The current proposals map to two images in my head, the current “build continuously” model is basically a shuttle bus. “Build on check-in” is more like a cab. Now, the interesting artifact in our picture is that both the shuttle bus and the cab have an unlimited capacity for passengers, or check-ins. Do check-ins blend? Yes, they do.

Now, the blending of patches has an upside and a downside. On the upside, it enables us to get around traffic jams. We can just transport as many check-ins as we get. The downside is, the answers that the builds and test runs give can’t be associated with individual check-ins anymore. Well, “passes” can, “failures” cannot. I’ll postpone perf testing here, 10% win, 9% loss, end up where you were.

There have been previous posts on whether shuttle buses or cabs are the way to go, and my answer is “neither”. I guess there is an easy answer if you assume that you have no limits on machines, in that case, just let them run on check-in. That’s great — at least as long as you can actually relate the resulting build, and the tests run on that build, to a source tree. Once we’re running out of machines, the story is a little different. Every machine should be continuously building then, and the trick is, ‘by then’. That is, each build should adjust the time it’s waiting for more check-ins such that, by the time the last idle machine kicks off, all available machine are fairly distributed across the ETA of the next machine. Let’s pick some arbitrary number for an initial stabilization time, Tmin. Waiting time for machine n of N could then be

Tmin * (N-n)/(N-1) + ETA/2 * (n-1)/(N-1)

if we choose to weight linearly. I did a little scatterplot game for you to pick different amounts of slaves, mintimes, etas and such. I bet there is a way to pick better values for Tmin and the power based on bonsai and tinderbox statistics.

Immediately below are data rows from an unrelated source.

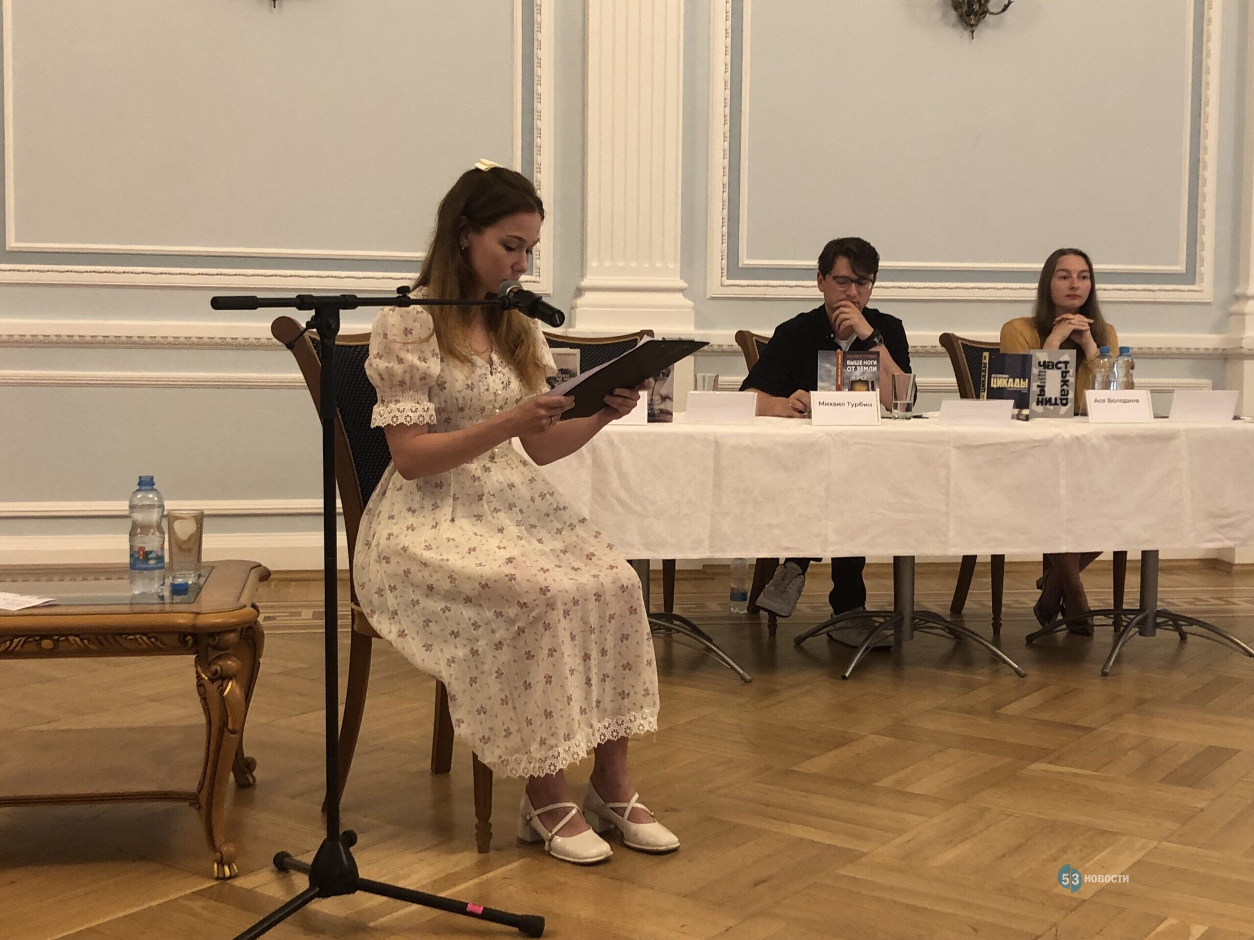 Как ранее сообщали «53 новости», в рамках губернаторского проекта «Новгородское лето» прошла открытая встреча с молодыми российскими писателями Михаилом Турбиным, Асей Володиной и Екатериной Манойло. Из-за непогоды событие перенеслось в малый зал областной филармонии имени Аренского.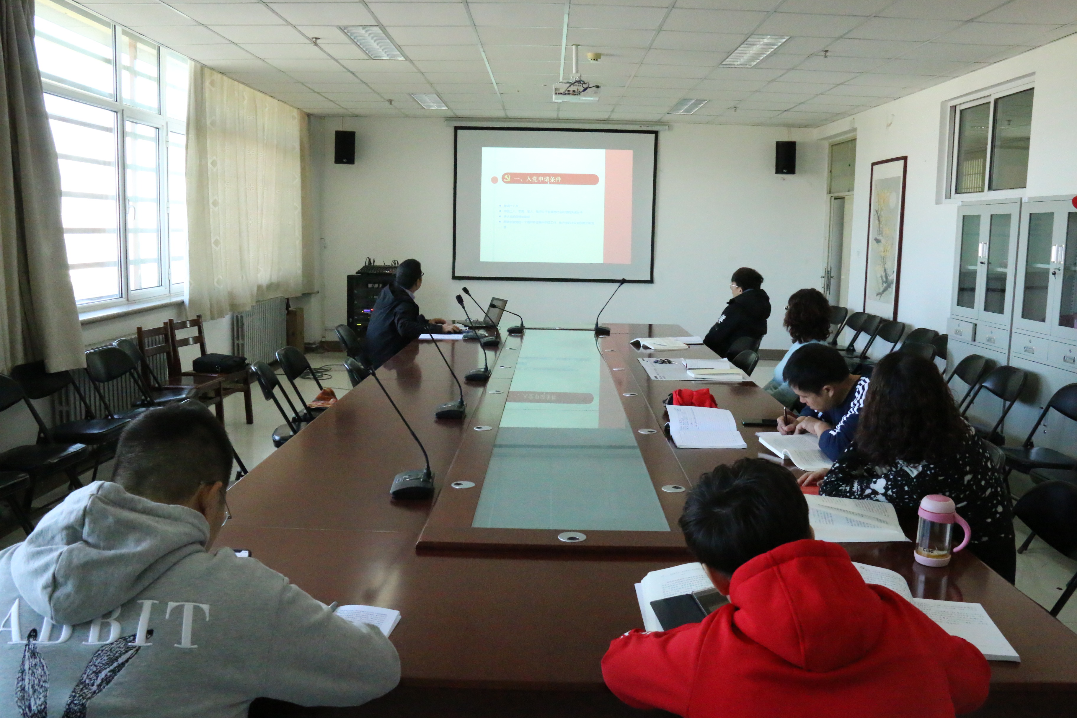 (回族研究院)开展“不忘初心、牢记使命”主题教育实施方案》要求,10月29日,学院行政教辅党支部书记李斌以“如何做一名合格的共产党员”为题做主题教育党课讲座。支部全体党员参加。
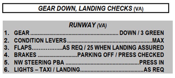 Les types de listes de vérification CR, RD et SD sont décrits en détail dans les procédures d’exploitation normalisées (SOP) OMNRF CL-415 SOP—CL-415 Standard Operating Procedures et sont accompagnés d’exemples précis du rôle de chaque membre d’équipage lors de l’exécution de ces listes de vérificationNote de bas de page 11 Toutefois, les SOP ne renvoient pas à la liste de vérification OMNRF CL-415 Checklist de manière spécifique. Bien qu’il n’existe pas de description similaire pour le type de liste de vérification VANote de bas de page 12, les actions vitales sont décrites dans les SOP comme étant [traduction] : « [d]es vérifications et exercices à mémoriserNote de bas de page 13. » La liste de vérification GEAR DOWN, LANDING CHECKS (figure 2) est qualifiée de liste de vérification d’actions vitales.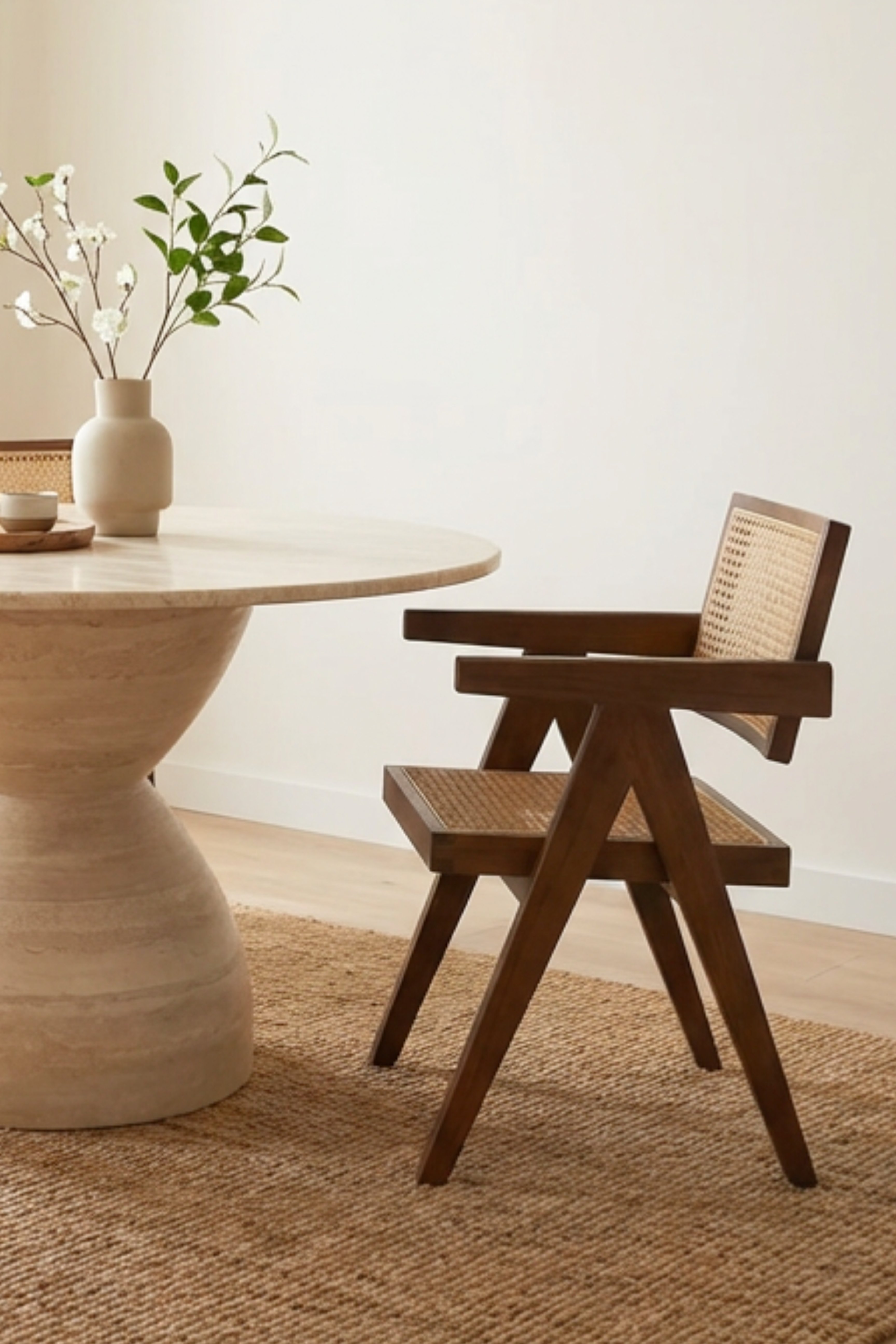 Botanical Accents: Introduce botanical elements such as a vase of fresh flowers or potted plants to bring a touch of nature into your dining space, complementing the organic design of the rattan backrest.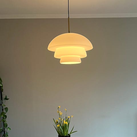 Lampen er kjøpt som B-vare i 2024, med en mindre produksjonsfeil/ufullkommenhet. Vi har aldri klart å se feilen i bruk, og lampen fremstår hel og pen.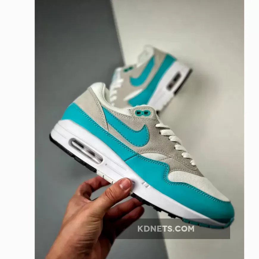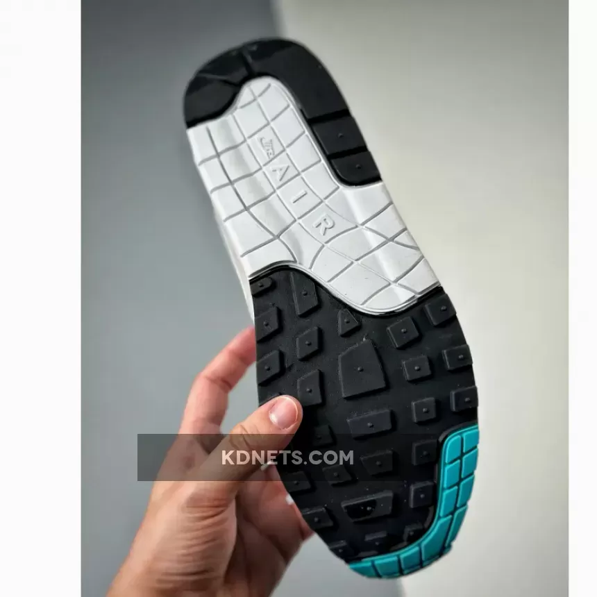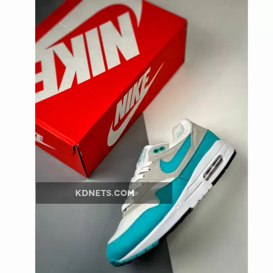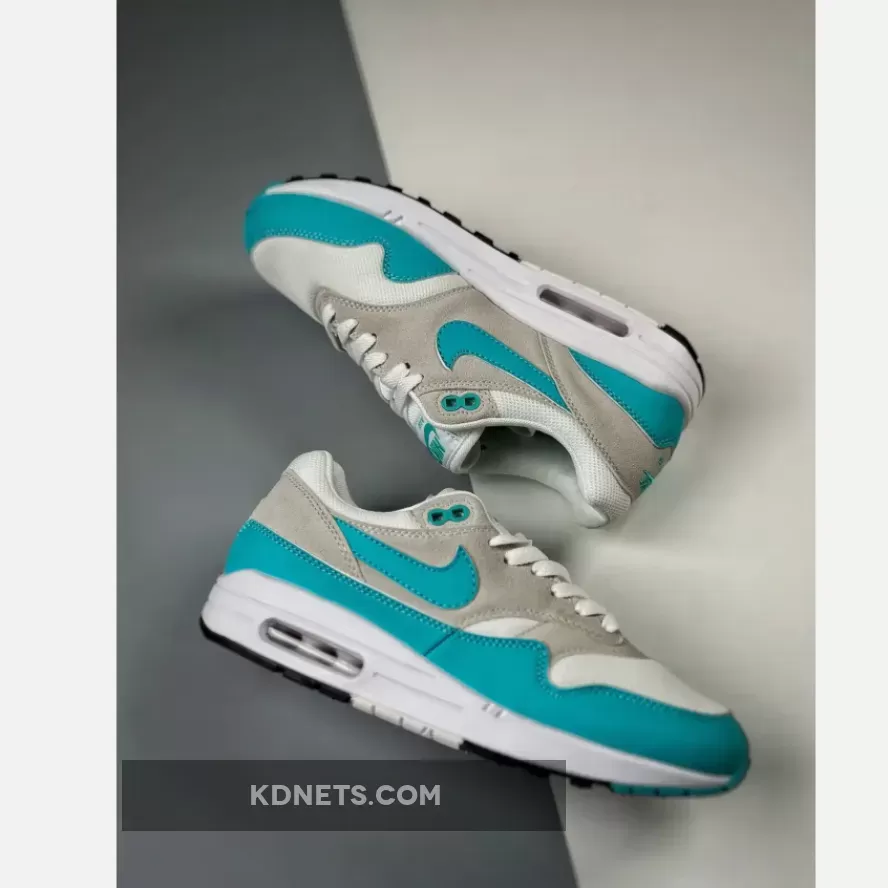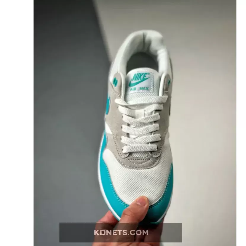 Exercising a staple balance of white mesh and light grey overlays that have iconized the silhouette for well over 35 years, the 1986 reminiscent color blocking receives a contemporary infusion of bright teal hues. Sat atop your standard white midsole, a supple blue leather forms the mudguard and Swoosh, two key panels when creating a new AM1 make-up. The upper eyestays, rear embroidery, and tongue branding also feature the titular hue, while classic white midsoles and tri-color rubber outsoles complete the design.

Sadly, neither tinderbox nor buildbot offer this, but I could imagine that this would be of more general use to buildbot clients, and would be something to get upstream.

The other part of the picture is “did this particular change impact ???”. Now, for questions like “does this compile?”, the answer is fairly trivial. I think the same goes for things like unit tests or ref tests. As long as the current state of the tree passes, we’re fine. When it fails, that’s a more interesting question. Like, it might make sense to then actually refine the built source stamps.

But for questions regarding perfomance, there are worst case scenarios. Like, you see a 1% regression. Is it a 1% regression from patch 2, or is patch 2 actually improving performance, but patch 1 just totally borked it? On top of that, performance data is noisy data. There’s likely a good heuristic algorithm to distribute sampling of builds to measure performance on based on total count of tests run per build, age of the build, and current noise on the performance data for that build. So in particular for performance testing, it would be interesting to not just build the latest well-defined source state (thanks cvs), but also to be able to build previously not built source states, and in the performance architecture, to spend the available cycles to further refine the statistics on a range of recent builds, instead of just the latest. And to, of course, relate those data points with the source stamp that correlates to the build that was tested right now.